Why LLM Observability Is Different

Traditional service observability answers three questions: Is the service up? Is it fast? Is it correct? For a REST API, "correct" usually means "returns the right HTTP status codes and response schema." Monitoring this is well-understood — you track error rates, latency percentiles, and run synthetic checks against known inputs.

LLM observability needs to answer different questions:

  • Is the reasoning correct? The agent returned a response and called tools — but was the diagnosis right? Did it find the actual root cause or a plausible-sounding wrong one?
  • Is the cost within budget? LLM inference has per-token costs. An agent that's consuming 10x the expected tokens per invocation is either reasoning very deeply or is stuck in a loop.
  • Is the behavior drifting? Model providers update models. Prompt changes have non-obvious effects. The agent that worked correctly last month may behave differently today.
  • What did it actually do? When an autonomous agent takes an action in production, you need an immutable record of what it decided, why, and what it executed.

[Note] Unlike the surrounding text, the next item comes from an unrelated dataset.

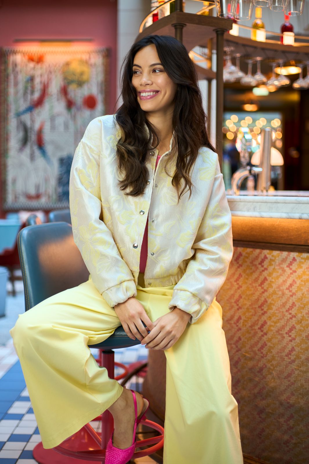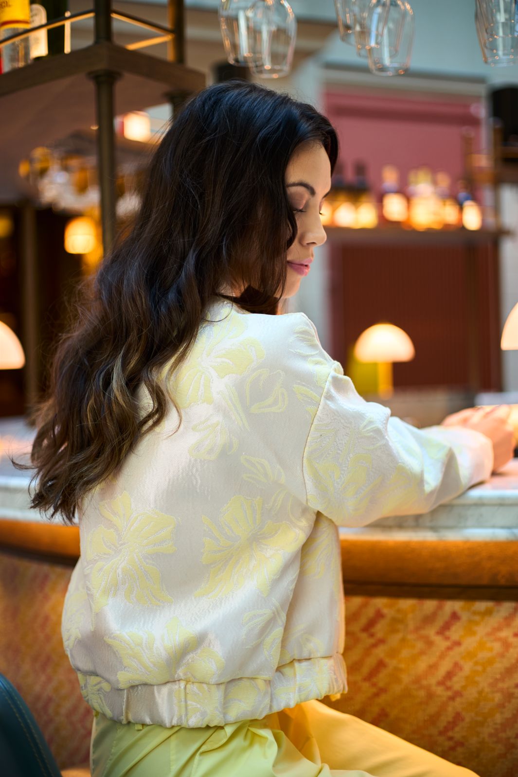 Bombertakki Black Colour -merkiltä vaaleankeltaisena kukallisella printillä. Takissa on korkea pääntie ja pitkät hihat. Materiaali on polyesterin ja puuvillan sekoitetta.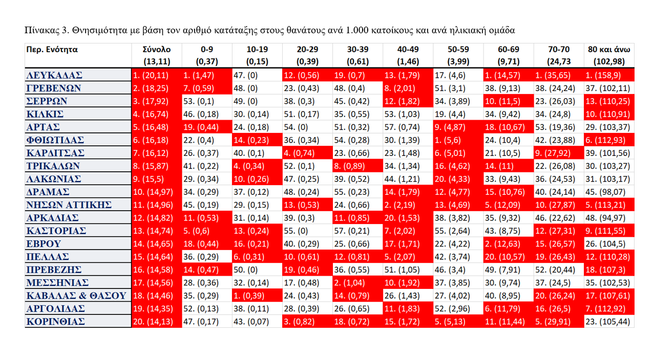 Οι 20 πρώτες Π.Ε. με θνησιμότητα σημαντικά υψηλότερη του μέσου όρου εμφανίζονται με κόκκινο υπόβαθρο. Για παράδειγμα, η Λευκάδα βρίσκεται συνολικά στην υψηλότερη (1) θέση από άποψη θνησιμότητας με 20,11 θανάτους ανά 1.000 κατοίκους. Ο μέσος όρος θνησιμότητας στο σύνολο του πληθυσμού της χώρας είναι, όπως προαναφέρθηκε, 13,11 ανά 1.000 κατοίκους. Για αυτό τον λόγο η τιμή θνησιμότητας της Λευκάδας είναι με κόκκινο υπόβαθρο.

None of these questions are answered by standard APM tooling. Datadog, New Relic, CloudWatch — they can all tell you your agent Lambda ran for 4.2 seconds. They cannot tell you whether the diagnosis the agent produced was correct.


The OpenTelemetry GenAI Semantic Conventions

The finalization of OpenTelemetry's GenAI semantic conventions in late 2025 was a meaningful step. For the first time, there's a standard schema for how LLM interactions should be instrumented. The key span attributes:

text
gen_ai.system                  # "anthropic", "openai", "bedrock"
gen_ai.request.model           # "claude-sonnet-4-6"
gen_ai.request.max_tokens      # token budget
gen_ai.request.temperature     # sampling temperature
gen_ai.response.id             # response identifier (for correlation)
gen_ai.response.model          # actual model used (may differ from requested)
gen_ai.response.finish_reason  # "end_turn", "max_tokens", "tool_use"
gen_ai.usage.input_tokens      # prompt tokens consumed
gen_ai.usage.output_tokens     # completion tokens generated
gen_ai.usage.cache_read_tokens # tokens served from prompt cache
gen_ai.usage.cache_creation_tokens  # tokens written to cache

For tool-use agents, each tool call should be a child span:

text
gen_ai.tool.name               # "fetch_cloudwatch_logs"
gen_ai.tool.call.id            # unique call identifier
gen_ai.event.prompt            # the tool arguments (as event)
gen_ai.event.completion        # the tool result (as event)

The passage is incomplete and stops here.